▶ Instructions for the task: If a record holds a picture, skip the picture but print everything else exactly.
::::::::
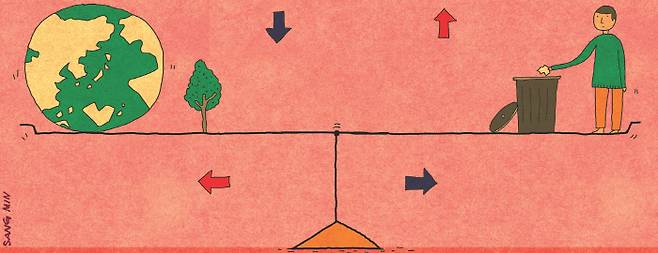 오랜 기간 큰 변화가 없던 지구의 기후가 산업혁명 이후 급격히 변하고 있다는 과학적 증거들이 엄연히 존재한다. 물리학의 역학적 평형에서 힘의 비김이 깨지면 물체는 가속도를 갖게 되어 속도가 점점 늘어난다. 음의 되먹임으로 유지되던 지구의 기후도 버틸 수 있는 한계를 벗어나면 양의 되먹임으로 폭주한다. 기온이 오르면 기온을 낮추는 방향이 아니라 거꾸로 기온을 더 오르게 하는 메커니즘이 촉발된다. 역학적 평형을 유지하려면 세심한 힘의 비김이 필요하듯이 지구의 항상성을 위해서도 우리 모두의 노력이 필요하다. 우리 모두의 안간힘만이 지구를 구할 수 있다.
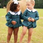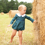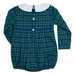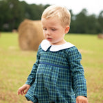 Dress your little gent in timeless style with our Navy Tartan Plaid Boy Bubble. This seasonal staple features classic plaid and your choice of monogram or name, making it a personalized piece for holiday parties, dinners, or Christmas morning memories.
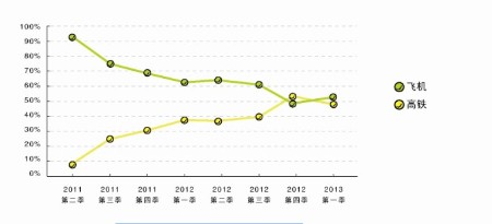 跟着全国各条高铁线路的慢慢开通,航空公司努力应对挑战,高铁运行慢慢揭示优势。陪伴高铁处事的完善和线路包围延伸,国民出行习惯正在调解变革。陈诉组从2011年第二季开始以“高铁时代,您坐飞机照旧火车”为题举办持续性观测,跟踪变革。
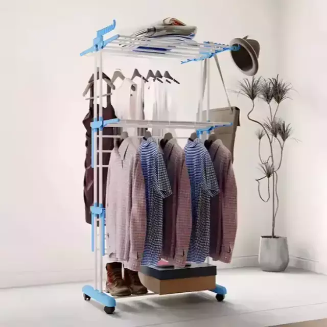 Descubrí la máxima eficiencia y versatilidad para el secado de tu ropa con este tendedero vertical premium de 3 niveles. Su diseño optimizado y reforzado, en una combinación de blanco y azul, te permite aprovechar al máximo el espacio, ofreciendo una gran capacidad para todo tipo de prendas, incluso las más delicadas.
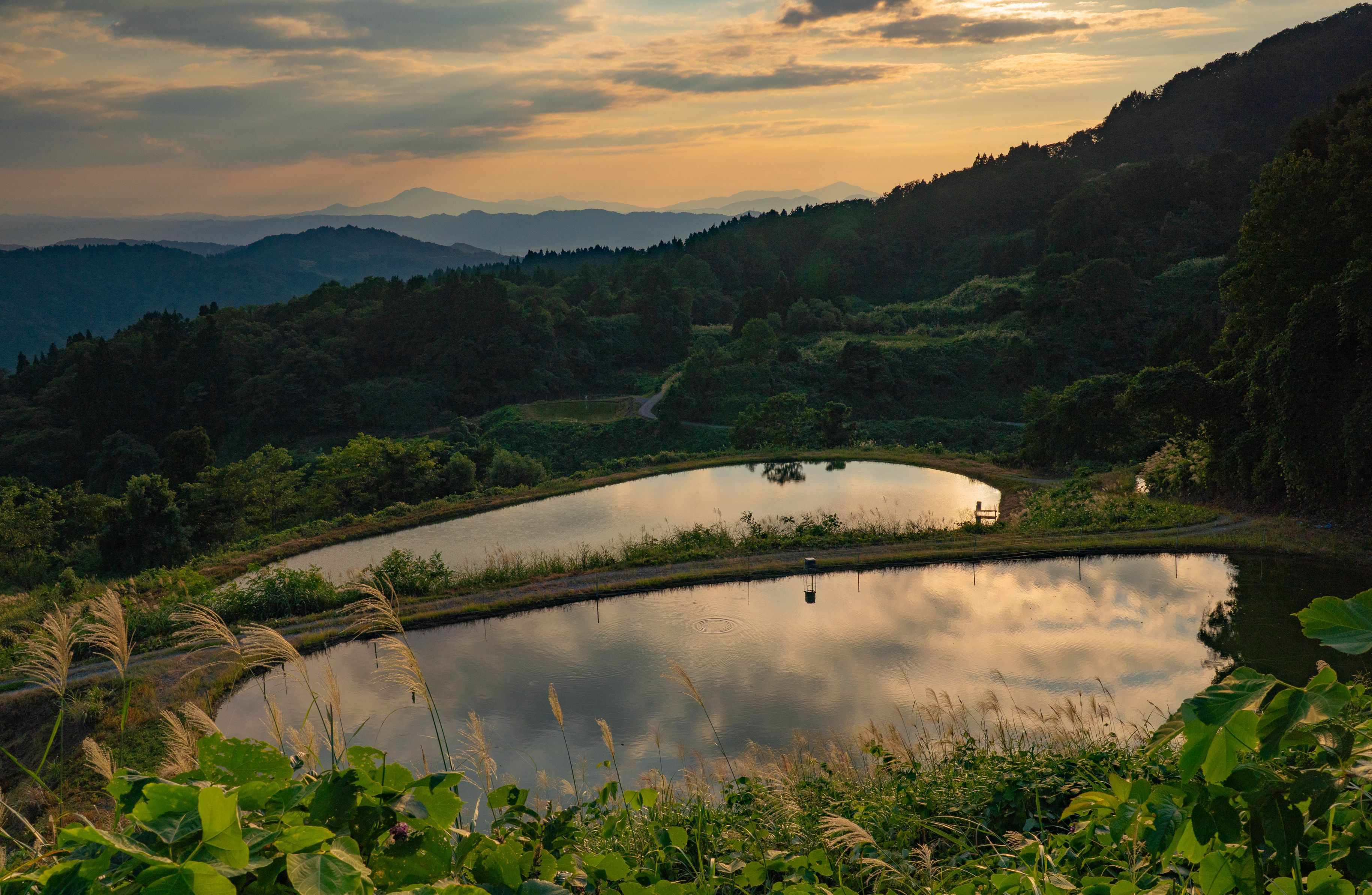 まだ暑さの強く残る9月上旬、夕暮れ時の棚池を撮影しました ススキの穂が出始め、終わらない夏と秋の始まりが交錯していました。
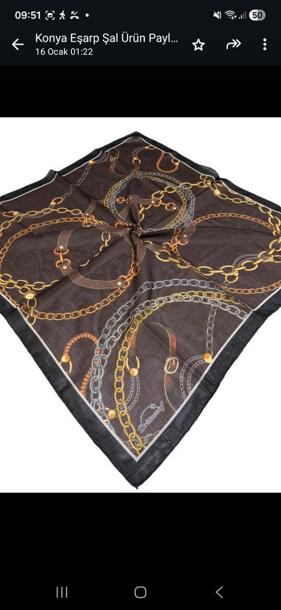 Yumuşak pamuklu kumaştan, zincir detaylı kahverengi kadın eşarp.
::::::::
▶ Exercise response:
 오랜 기간 큰 변화가 없던 지구의 기후가 산업혁명 이후 급격히 변하고 있다는 과학적 증거들이 엄연히 존재한다. 물리학의 역학적 평형에서 힘의 비김이 깨지면 물체는 가속도를 갖게 되어 속도가 점점 늘어난다. 음의 되먹임으로 유지되던 지구의 기후도 버틸 수 있는 한계를 벗어나면 양의 되먹임으로 폭주한다. 기온이 오르면 기온을 낮추는 방향이 아니라 거꾸로 기온을 더 오르게 하는 메커니즘이 촉발된다. 역학적 평형을 유지하려면 세심한 힘의 비김이 필요하듯이 지구의 항상성을 위해서도 우리 모두의 노력이 필요하다. 우리 모두의 안간힘만이 지구를 구할 수 있다.
 Dress your little gent in timeless style with our Navy Tartan Plaid Boy Bubble. This seasonal staple features classic plaid and your choice of monogram or name, making it a personalized piece for holiday parties, dinners, or Christmas morning memories.
 跟着全国各条高铁线路的慢慢开通,航空公司努力应对挑战,高铁运行慢慢揭示优势。陪伴高铁处事的完善和线路包围延伸,国民出行习惯正在调解变革。陈诉组从2011年第二季开始以“高铁时代,您坐飞机照旧火车”为题举办持续性观测,跟踪变革。
 Descubrí la máxima eficiencia y versatilidad para el secado de tu ropa con este tendedero vertical premium de 3 niveles. Su diseño optimizado y reforzado, en una combinación de blanco y azul, te permite aprovechar al máximo el espacio, ofreciendo una gran capacidad para todo tipo de prendas, incluso las más delicadas.
 まだ暑さの強く残る9月上旬、夕暮れ時の棚池を撮影しました ススキの穂が出始め、終わらない夏と秋の始まりが交錯していました。
 Yumuşak pamuklu kumaştan, zincir detaylı kahverengi kadın eşarp.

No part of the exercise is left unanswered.